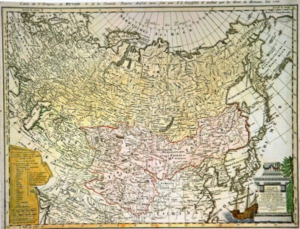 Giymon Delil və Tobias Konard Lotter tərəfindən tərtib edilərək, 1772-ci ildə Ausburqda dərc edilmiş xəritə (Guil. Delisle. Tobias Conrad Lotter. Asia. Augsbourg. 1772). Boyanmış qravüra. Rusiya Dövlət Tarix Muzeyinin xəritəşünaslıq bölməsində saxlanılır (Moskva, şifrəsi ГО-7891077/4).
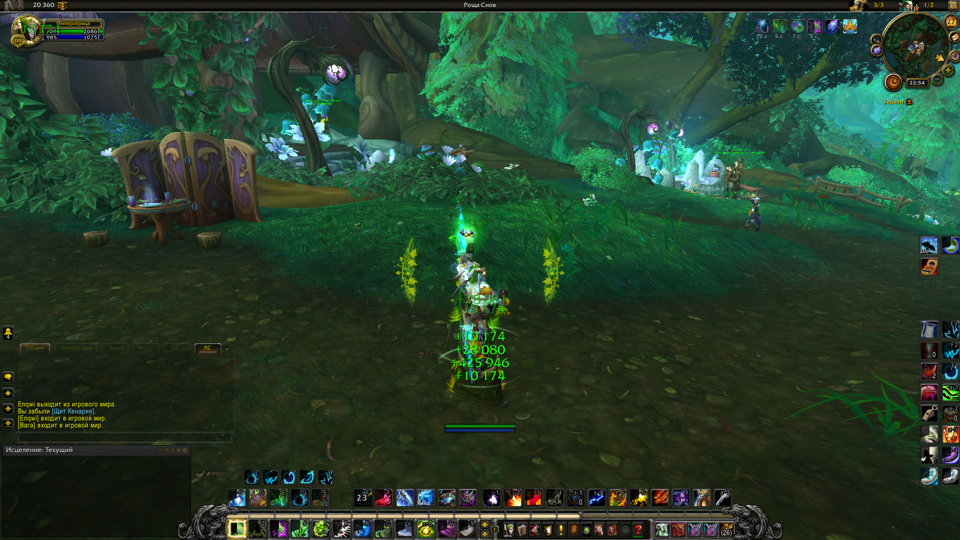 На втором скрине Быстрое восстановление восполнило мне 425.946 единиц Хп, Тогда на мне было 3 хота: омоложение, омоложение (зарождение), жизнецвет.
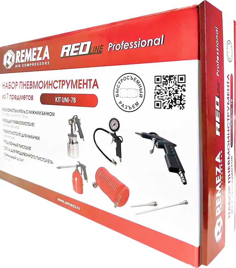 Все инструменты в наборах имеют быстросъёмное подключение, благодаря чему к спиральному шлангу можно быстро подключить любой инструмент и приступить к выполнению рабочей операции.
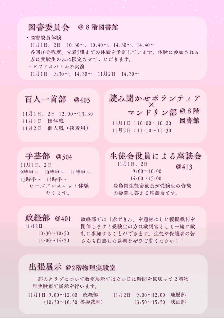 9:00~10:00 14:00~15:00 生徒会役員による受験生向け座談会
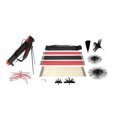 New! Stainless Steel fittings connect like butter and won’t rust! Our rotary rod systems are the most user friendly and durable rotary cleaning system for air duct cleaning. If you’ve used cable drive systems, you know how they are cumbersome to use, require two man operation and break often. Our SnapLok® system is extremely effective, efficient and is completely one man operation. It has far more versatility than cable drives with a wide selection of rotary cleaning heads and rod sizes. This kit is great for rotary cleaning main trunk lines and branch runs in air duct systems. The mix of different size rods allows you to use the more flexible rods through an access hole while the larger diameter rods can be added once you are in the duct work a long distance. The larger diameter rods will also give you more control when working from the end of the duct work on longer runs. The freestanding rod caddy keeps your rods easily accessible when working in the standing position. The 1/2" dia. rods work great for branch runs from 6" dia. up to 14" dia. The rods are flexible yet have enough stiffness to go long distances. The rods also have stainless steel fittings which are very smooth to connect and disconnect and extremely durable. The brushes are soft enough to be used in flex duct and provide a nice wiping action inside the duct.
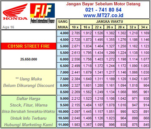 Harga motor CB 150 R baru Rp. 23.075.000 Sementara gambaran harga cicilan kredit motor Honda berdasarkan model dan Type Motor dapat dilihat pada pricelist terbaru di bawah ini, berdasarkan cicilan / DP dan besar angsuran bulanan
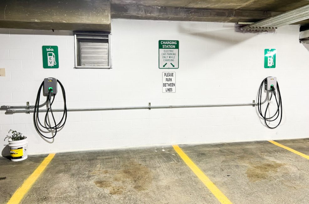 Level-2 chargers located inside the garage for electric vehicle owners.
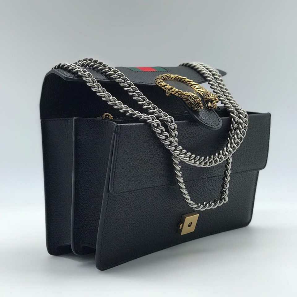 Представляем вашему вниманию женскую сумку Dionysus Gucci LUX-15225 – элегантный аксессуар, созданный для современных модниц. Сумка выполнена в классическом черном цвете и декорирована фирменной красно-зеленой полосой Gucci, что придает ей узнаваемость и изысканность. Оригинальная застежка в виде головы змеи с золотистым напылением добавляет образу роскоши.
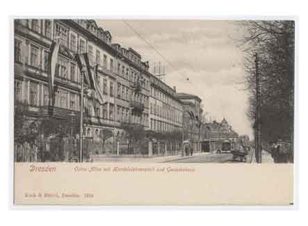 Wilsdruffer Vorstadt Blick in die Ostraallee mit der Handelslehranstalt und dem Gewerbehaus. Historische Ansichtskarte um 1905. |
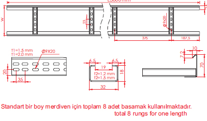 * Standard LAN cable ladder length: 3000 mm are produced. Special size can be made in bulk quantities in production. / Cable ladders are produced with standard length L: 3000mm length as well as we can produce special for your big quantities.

TASK OBJECTIVE:
When you reach the line containing "Представляем вашему вниманию" in the entries above, begin restating word for word, and stop once the line containing "Wilsdruffer Vorstadt Blick" has been given. Omit the pictures.

YOUR SOLUTION:
 Представляем вашему вниманию женскую сумку Dionysus Gucci LUX-15225 – элегантный аксессуар, созданный для современных модниц. Сумка выполнена в классическом черном цвете и декорирована фирменной красно-зеленой полосой Gucci, что придает ей узнаваемость и изысканность. Оригинальная застежка в виде головы змеи с золотистым напылением добавляет образу роскоши.
 Wilsdruffer Vorstadt Blick in die Ostraallee mit der Handelslehranstalt und dem Gewerbehaus. Historische Ansichtskarte um 1905. |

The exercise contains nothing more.